Task brief ->
Take the lines below from the one with "Bellanti Solo/Esta badmeubel" through the one with "今日大宗交易成交465万股,成交额2.7" and print only them, exactly. Don't print the pictures.
(Supplied material)
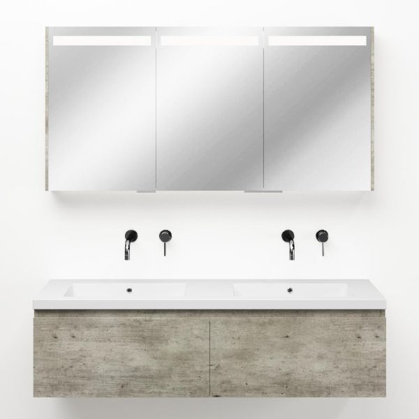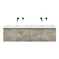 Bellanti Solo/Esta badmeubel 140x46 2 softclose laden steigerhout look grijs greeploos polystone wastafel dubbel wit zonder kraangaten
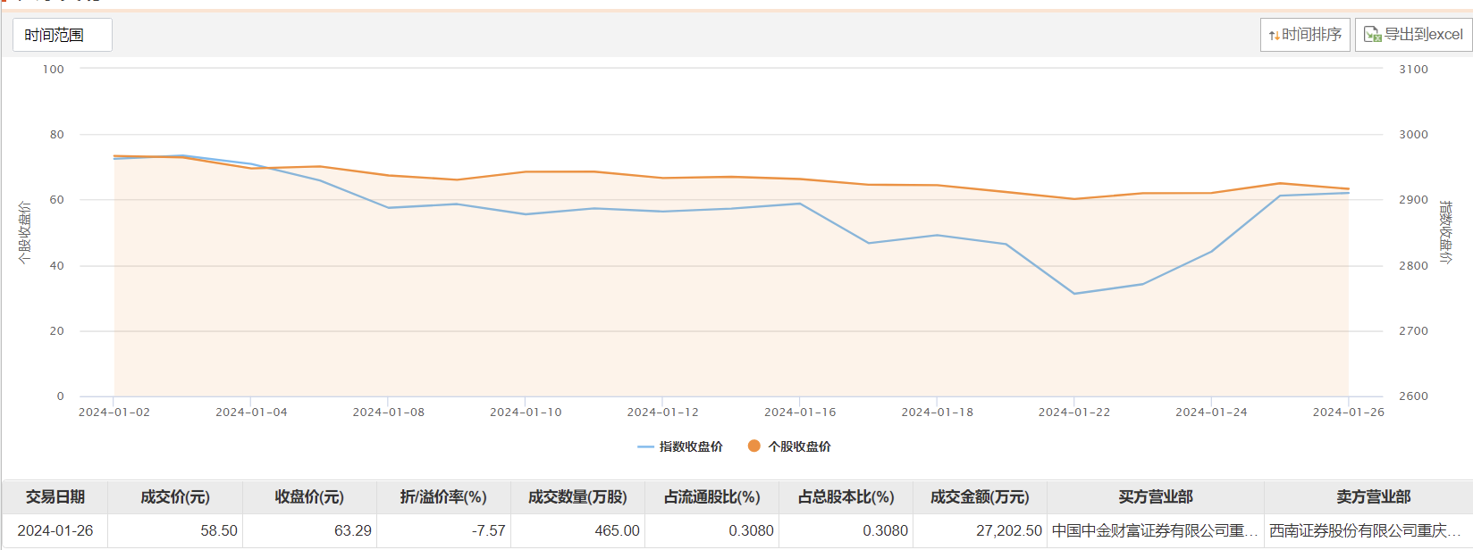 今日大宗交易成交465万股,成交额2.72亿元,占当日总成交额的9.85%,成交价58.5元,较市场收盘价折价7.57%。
(End Supplied material)
(Supplied material)
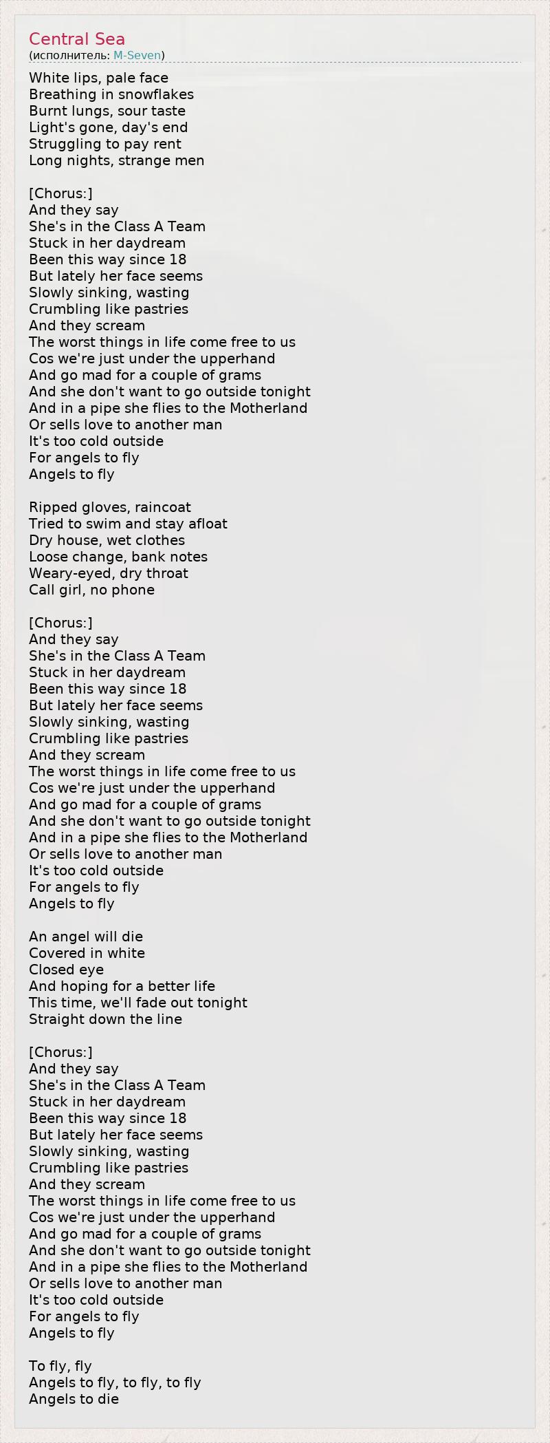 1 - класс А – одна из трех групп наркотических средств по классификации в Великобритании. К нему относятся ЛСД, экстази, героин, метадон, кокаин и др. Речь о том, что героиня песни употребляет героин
(End Supplied material)
(Supplied material)
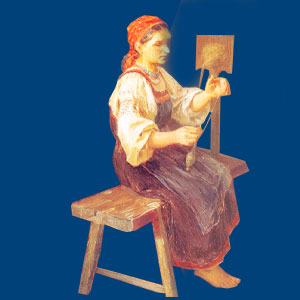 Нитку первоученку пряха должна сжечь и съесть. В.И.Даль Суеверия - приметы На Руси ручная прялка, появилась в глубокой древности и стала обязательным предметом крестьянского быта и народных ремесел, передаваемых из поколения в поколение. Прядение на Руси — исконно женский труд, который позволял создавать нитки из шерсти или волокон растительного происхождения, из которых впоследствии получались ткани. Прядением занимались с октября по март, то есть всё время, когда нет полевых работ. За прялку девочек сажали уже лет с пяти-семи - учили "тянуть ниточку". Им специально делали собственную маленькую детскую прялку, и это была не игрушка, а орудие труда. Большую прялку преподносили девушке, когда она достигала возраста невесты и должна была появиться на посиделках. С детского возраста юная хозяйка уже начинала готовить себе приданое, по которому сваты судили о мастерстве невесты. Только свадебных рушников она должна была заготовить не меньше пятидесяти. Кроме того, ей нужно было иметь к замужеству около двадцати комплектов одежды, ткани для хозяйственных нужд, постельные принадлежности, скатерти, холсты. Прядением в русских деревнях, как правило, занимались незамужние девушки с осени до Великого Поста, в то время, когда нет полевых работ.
(End Supplied material)
Answer for the task ->
 Bellanti Solo/Esta badmeubel 140x46 2 softclose laden steigerhout look grijs greeploos polystone wastafel dubbel wit zonder kraangaten
 今日大宗交易成交465万股,成交额2.72亿元,占当日总成交额的9.85%,成交价58.5元,较市场收盘价折价7.57%。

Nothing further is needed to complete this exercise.